Steps 1 and 2 dominate. Fetching 1.14M rows from disk and constructing a Boost Graph Library graph from scratch takes ~4.8 seconds. The algorithm itself (step 3) completes in milliseconds. There is no graph caching between calls — pgRouting is a SQL function, and each invocation has its own execution context.

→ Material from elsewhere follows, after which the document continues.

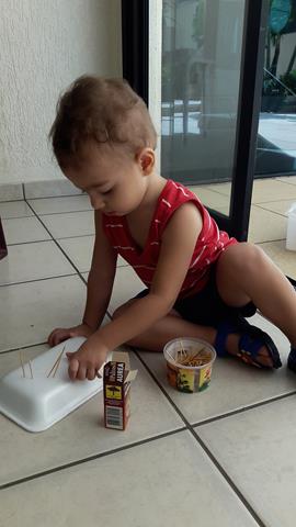 É um dos exercícios favoritos do meu pequeno, algumas vezes ele pratica por um bom tempo. Trabalha coordenação motora fina, movimento de pinça e concentração numa atividade montessoriana com uma bandeja de isopor e palitos de dente. É bom estar sempre olhando tudo o que temos em casa, sempre tem algo que pode ser transformado em material de aprendizagem. #maeemdia #brincarjunto #tempojunto #maternidadereal #maternidadeativaeconsciente #educandocomamor #DaviAntonioscom1anoe9meses

This call model works for road networks because edge counts are manageable (thousands to hundreds of thousands). pgRouting's design target is single or infrequent path queries on spatial networks, not concurrent multi-user retrieval against million-edge graphs. Native graph databases keep the graph resident in memory; pgRouting reconstructs it every time.


Final Decision Guide

Workload First choice Second choice Avoid
LightRAG / GraphRAG retrieval (1–2 hop) RCTE Neo4j (if Cypher familiarity matters) AGE, FalkorDB
Memory ≤ 4GB constraint RCTE Neo4j (graceful degradation) MemGraph (OOM cliff)
Variable-length path / shortestPath Neo4j RCTE (impractical)
Batch analytics (PageRank / Louvain) Neo4j GDS FalkorDB algo.* (auxiliary) RCTE / AGE
OLTP + analytics mixed RCTE + offline batch Neo4j single engine
Cypher + high throughput MemGraph Neo4j
Road network / GIS routing pgRouting RCTE

Recommended stack for LightRAG: PostgreSQL 17 + pgvector + RCTE flat tables + offline NetworkX or igraph for community detection (write community_id column back). A single PostgreSQL instance handles the complete GraphRAG stack.

When Neo4j is the right choice: the workload includes variable-length paths or shortestPath; the team writes Cypher and migration cost is high; the system is not specifically LightRAG-style retrieval but knowledge graph reasoning, fraud detection, or recommendation latent path.


Scope

These conclusions apply to neighbor-lookup-heavy knowledge graph retrieval — the pattern of LightRAG, GraphRAG retrieval phases, and entity-relation search. Systems where Leiden community detection is central to the retrieval flow (Microsoft GraphRAG global summarization) fall outside this scope. A separate validation run on 100 internal company documents processed through LightRAG (1,493 extracted entities) confirmed the same engine rankings and query patterns — details in the lightrag-pg-rcte post.